Web scraping of websites

Description of the customizable settings for targeted web scraping of websites

In order to be able to use blocked websites as sources for the knowledgebase, user-defined settings are required to enable the scraping of these websites. The settings differ depending on whether the integration is carried out with Basic Authentication or with user-defined headers .

Basic Authentication

If the website is protected with Basic Authentication, the access data (user name and password) are added to the header directly and in Base64 encoding. This addition is made by adding the following code snippet:

{
"headers": {
"Authorization": "Basic YWRtaW46MTIzNDU="
}
}

To add the code, a URL must be added as a source in the knowledgebase. You can then check the box for user-defined web scraping under Expert options and add the code.

Bildschirmfoto 2024-11-19 um 10.22.44

To translate the access data into the appropriate Base64 format, this website can be used: https://www.base64decode.org/

User-defined headers

If the website is secured by a user-defined header, it is released by adding the header and the corresponding value (in the example, the header is “moin-Ai-Scraper” and the value is “SECRET”). This addition is made by adding the following code snippet:

{
"headers": {
"Moin-Ai-Scraper": "SECRET"
}
}

To add the code, a URL must be added as a source in the knowledgebase. You can then check the box for user-defined web scraping under Expert options and add the code.

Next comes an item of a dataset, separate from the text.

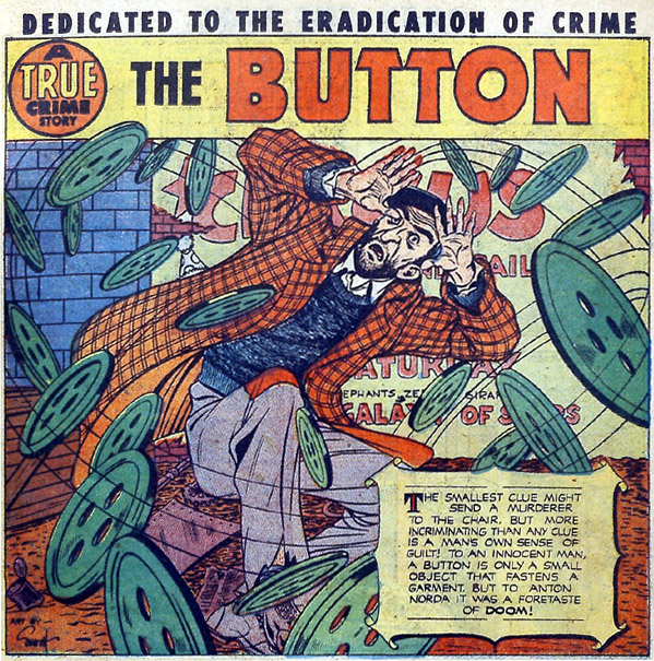 Everett reestablished his connection with Steve Douglas, editor at Eastern Color, and did a number of adventure and romance stories in books like Heroic Comics and Personal Love. But any 1950 Lev Gleason connection was unknown until I received an email from Mr. Monster creator, Michael T. Gilbert who sent me scans of "The Button" from Crime and Punishment #31, cover-dated October 1950. (Click on the above image to see the signed splash panel.)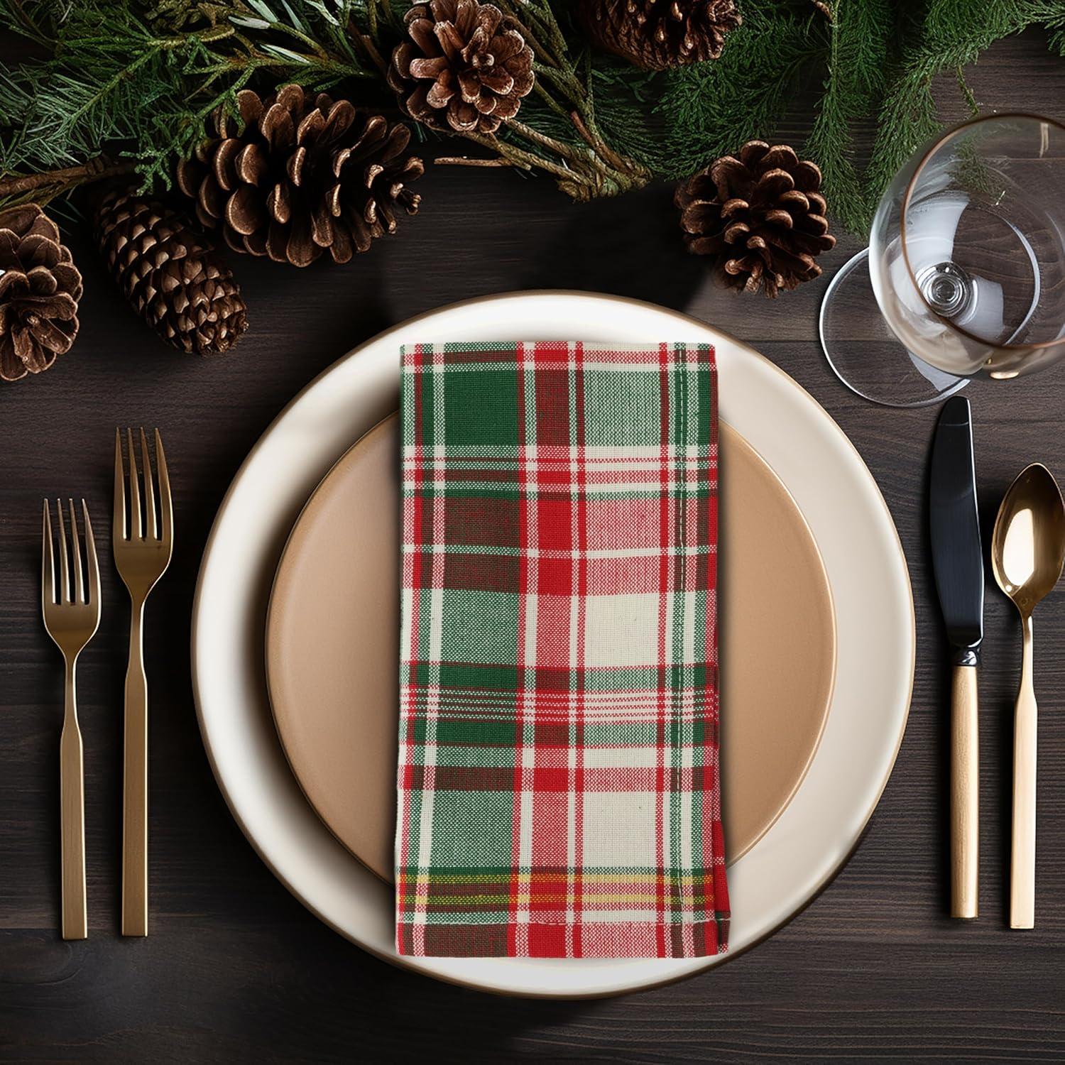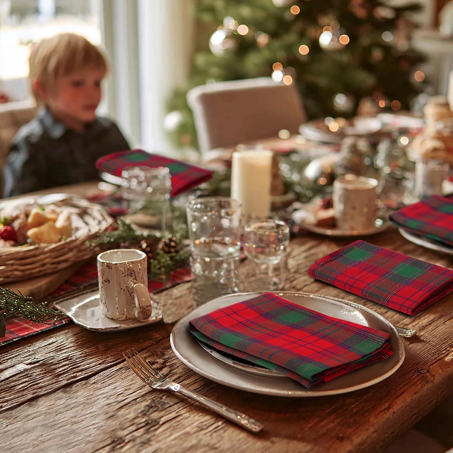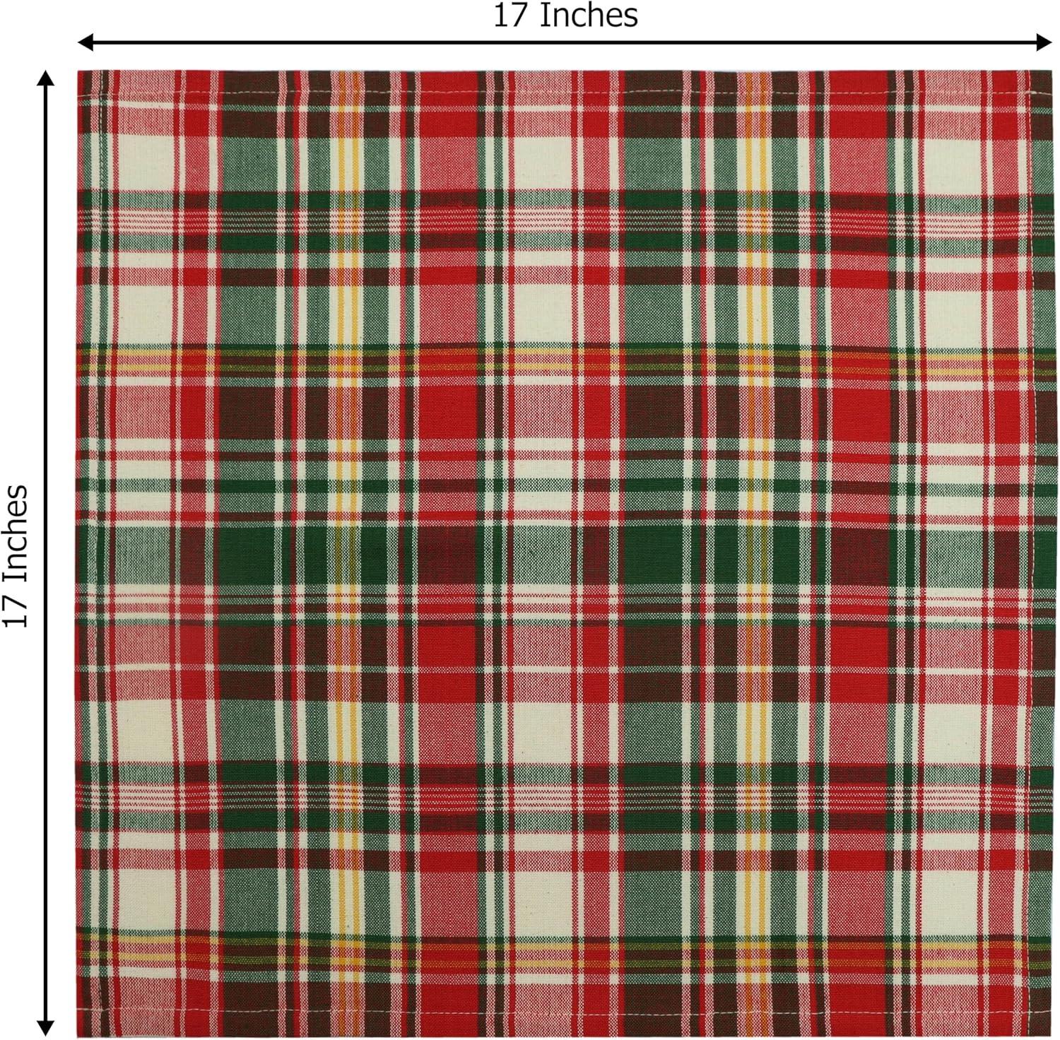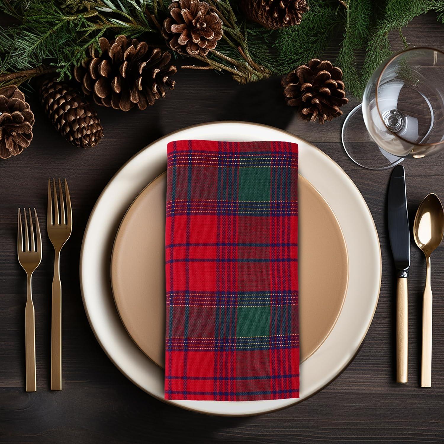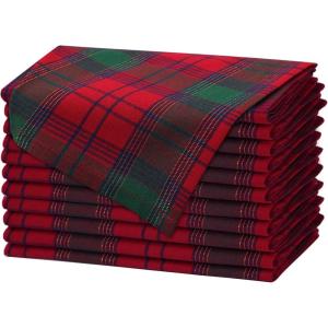 COTTON CRAFT Christmas Red Napkins -12 Pack 100% Cotton Dinner Napkins – All Year Xmas Fall Thanksgiving Celebration Party Gift Holiday Table Napkin – Soft Washable Reusable Cloth Napkin -18×18(Red Green Plaid)

Bildschirmfoto 2024-11-19 um 10.22.33

Voter favorabilityDescription of further web scraping parameters:

The settings described help to control the specific parts of the web page content that should be included or excluded from the extraction process:

includeTags: this option allows to specify which HTML tags should be included in the output. For example, if only content within the <p> and <h1> tags is to be extracted, the specification is: [“p”, “h1”].
excludeTags: This option allows to specify which HTML tags should be excluded from the output. For example, if you want to remove all <script> and <style> tags from the extracted content, the specification is: [“script”, “style”].
onlyMainContent: This parameter ensures that only the main content of the web page is returned, without headers, navigation bars, footers and other non-essential elements. It is useful for extracting the core information of a web page without additional ballast. Sometimes the parameter can be too restrictive. If important content is missing on the page, the parameter can be set to “false”. The default setting is “true”.

Most common error sources

In most cases, the error sources are incorrect header parameters, firewall protection or failed BasicAuth authentication. In order to guarantee that these error sources are excluded, you must

Ensure that the correct header name and the corresponding value have been added.
Ensure that Crawler is enabled in the website's firewall.
Ensure that the access data has been correctly translated into Base64 format.